Wednesday, September 7, 2016

Pawpaw Harvest Tracking Charts

Yesterday morning after my run, I followed my compulsion and went to inspect the pawpaw trees. On the KSU-Atwood, I found a pawpaw whose stem was breaking, reflecting of course that it was ripe and poised to fall. I broke it off and brought it inside, where W saw it before he went to school (and apparently coveted it, though I didn't know). After the kids went to school, NJ and I cut open this second pawpaw of the year and each ate half. It was a good pawpaw.

Then last night at dinner, W asked, "Where's the pawpaw?", and I realized he had seen it and wanted it. I said we had eaten it, and he looked crestfallen, so I told him there were a few other pawpaws on the tree, right next to the one I broke off, that should be ready. He and I went out and picked those, and he ate one.

Having egg on your face means to look foolish or embarrassed, but there's no foolishness or embarrassment in having pawpaw on your face! 

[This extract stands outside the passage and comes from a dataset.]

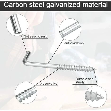 Matériau en acier au carbone Premium: Le crochet à vis en forme de L est constitué d’acier au carbone de haute qualité et est galvanisé sur la surface. Il n’est pas facile de la rouille, a une bonne oxydation et une bonne résistance à la corrosion, est durable et présente une longue durée de vie, garantissant qu’il peut résister à l’épreuve du temps, est un bon assistant pour vos objets suspendus.

I wanted to get a picture of the two other pawpaws we picked, which we're saving for maybe a day until they're fully ripe. As I took the picture, W reached over and put his hand in the photo, "For perspective," he said, alluding to how we usually photograph the fish we catch (with them running down the length of our arms so people can get perspective on how big, or small, they are).

Then S, who is often not as interested in pawpaws as W, wanted in on offering perspective to the pawpaws and their viewers. She's got dibs on the smaller pawpaw, and NJ and I are planning on splitting the larger pawpaw. Hopefully tonight at dinner.

The pawpaw harvest this year has totaled five so far, which is one more pawpaw than we harvested last year. But this year, there are around 70 on the trees. Last night it seemed notable that all of the pawpaws for this year (so far) have come from the KSU-Atwood, and I started wondering about how the different cultivars would pace themselves in ripening their fruit. How to keep track?

"Johnny Pawpawseed" is a common enough nickname for people to take upon themselves or bestow on others, especially if they've done something to further the fruit's propagation. (Take a look at this google search for "Johnny Pawpawseed" and you'll see I'm not lying.) No offense to Johnny Appleseed, but I decided to go Benjamin-Franklinian in relation to the pawpaws, keeping a chart on their ripening inspired by Ben Franklin's chart aspiring to "moral perfection," as reproduced here:


Image result for ben franklin's chart
Ben Franklin's 18th-century chart, from his Autobiography


My chart--or my stapled packet of charts--isn't so grid-like, and it doesn't come close to addressing such topics as venery and sincerity. Rather,...

...it has a first page that's a pawpaw-oriented map of our yard. I needed to make a map, with each tree's cultivar labeled, since I imagine I won't be the only one picking up pawpaws this September. And I need my "co-workers in the kingdom of [horti]culture" to know from which tree they're harvesting. (Check out the origin of the "co-workers" quotation here.) Once NJ and the kids have a map of which tree is which,... 


...they can write the dates on which they harvest pawpaws from any of the three trees that are bearing this year. So, five pawpaw for the Atwood to this point, marking it as the most early-ripening variety of the three trees that are bearing this year. 

And then a blank page of possibilities for the Shenandoah.

And a less optimistic blank page of possibilities for the Wells.

After W finished his pawpaw, he got out the seed storage container and asked how I was planning on keeping track of which seeds came from which tree this year, since there would be so many seeds. I told him that type of keeping track is done for now--there will be too many seeds. For this year, at least, I'll be keeping track of something else.


And here's a pic that's kind of a nonsequiter for this blog post: the two pawpaws that were earlier pictured, with a few prickly pears. Both kinds of fruit happened to be passing across our table last night, and I thought I'd take a picture to show they had at one time met, even if they parted ways shortly thereafter. It turns out the song "The Bare Necessities" in the Jungle Book isn't the only evidence of their association. 

3 comments:

  1. blank page gets me a mind to listen to blank page. funny how pawpaws can lead to the sp.

    ReplyDelete
  2. To quote Bagheera in the song "The Bare Necessities"--"Of all the silly giberish!" But actually I'm impressed with Baloo's cleverness as I am with yours. How interesting to have prickly pears and paw paws sit on your table together--even if it is a brief time. And glad to see that you have co-workers in the (horti)culture, as it seems the paw paws are flourishing. :)

    ReplyDelete
  3. I believe you have the most impressive pawpaw patch I've ever seen! East or west the Mississippi.